SelangorTV
- Country: Malaysia
- Headquarters: Shah Alam, Selangor, Malaysia

Programming
- Picture format: 1080i HDTV (downscaled to 16:9 576i for the SDTV feed)

Ownership
- Owner: Media Selangor Sdn Bhd (Subsidiary of Menteri Besar Selangor Incorporated)

History
- Launched: 2008

Links
- Website: selangortv.my

Availability

Streaming media

= SelangorTV =

Malaysian television channel

SelangorTV is a Malaysian online streaming TV Channel owned by the State Government of Selangor, through its State-owned enterprise Menteri Besar Selangor Incorporated subsidiary – Media Selangor Sdn Bhd. It began operation in 2008. SelangorTV was formed by the State Government because the Federal Government would not allow them to use Federal Government TV channels to deliver information or news about the state government of Selangor to the people.

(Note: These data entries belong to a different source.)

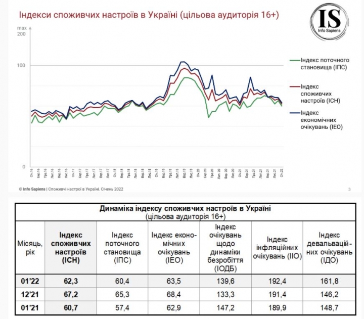 Индекс потребительских настроений в Украине в январе 2022 года составил 62,3, что на 4,9 пунктов ниже показателя декабря. Падение индикатора вызвано снижением всех его составляющих.
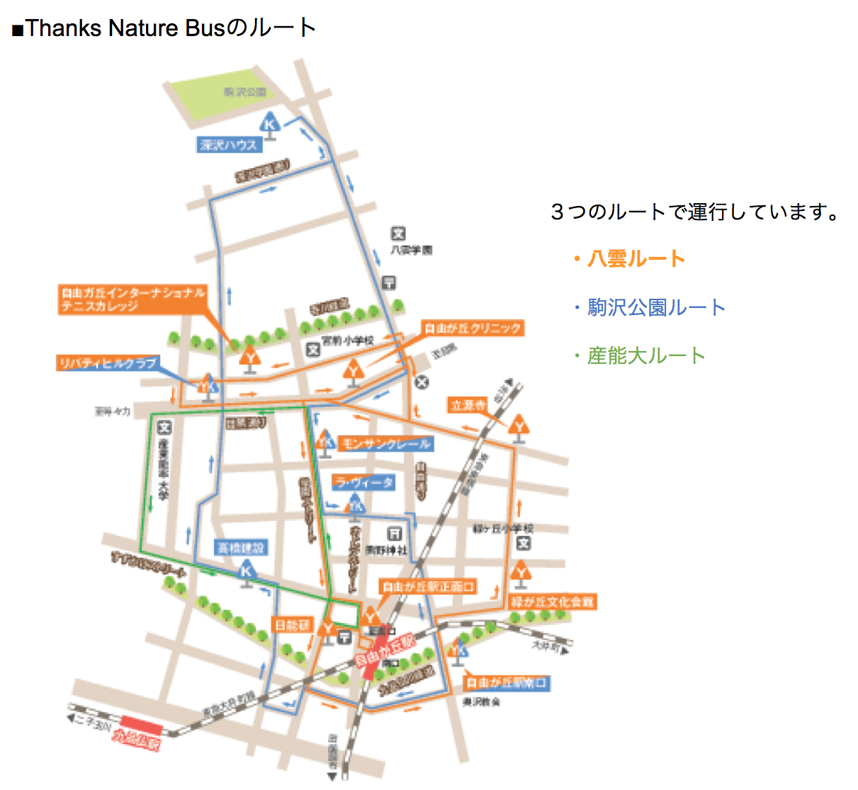 「駒沢公園ルート」、「八雲ルート」、「産業能率大学送迎バスルート」です。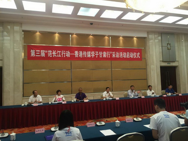 7月27日下午,第三届“范长江行动―香港传媒学子甘肃行”采访活动启动仪式在兰州宁卧庄宾馆举行,甘肃省副省长夏红民出席仪式。我校党委书记史百战和省委网信办、省外办、香港大公文汇传媒集团、甘肃公航旅集团等单位负责人出席启动仪式,省委网信办有关处室、大公报甘肃记者站、兰州大学新闻学院、兰州交通大学宣传部、兰州文理学院新闻传播学院、校办等部门负责人参加仪式。来自香港公开大学、香港浸会大学、香港树仁大学、香港树人大学、香港岭南大学、香港恒生管理学院、香港珠海大学、�理罗士女子学院等8所高校16名学生参加以及兰州大学、兰州交通大学、兰州文理学院3所甘肃高校的4名学生参加仪式。仪式由省委网信办副主任王国强主持。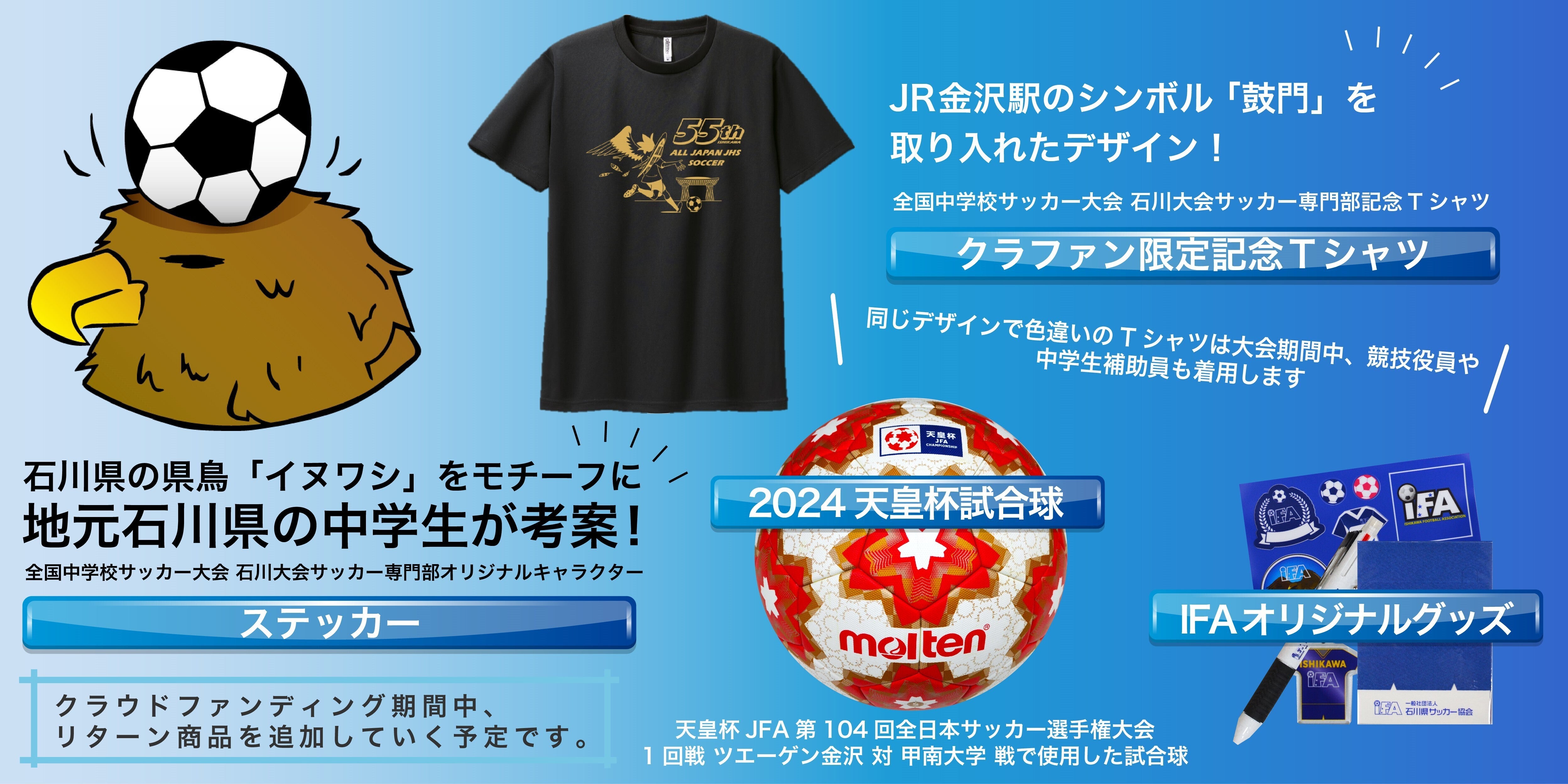 地元石川県の中学生が考案した、全国中学校サッカー大会石川大会サッカー専門部のオリジナルキャラクターのステッカーと石川県サッカー協会(IFA)のオリジナルグッズ、クラファン限定記念Tシャツのセットなどを用意いたしました。2024天皇杯試合球もあります。

Because the channel does not have a license from the Federal government to broadcast terrestrial or satellite TV, SelangorTV is currently only available via the internet at Selangorku website. The main broadcast language is Bahasa Melayu and the channel features a variety of programme's including talkshows, short dramas, news, and documentaries. It is viewable 24 hours a day.

Anyhow, after the transfer of power of Federal Government in 2018, it is now a listed Selangor media at the official website of Department of Information Malaysia.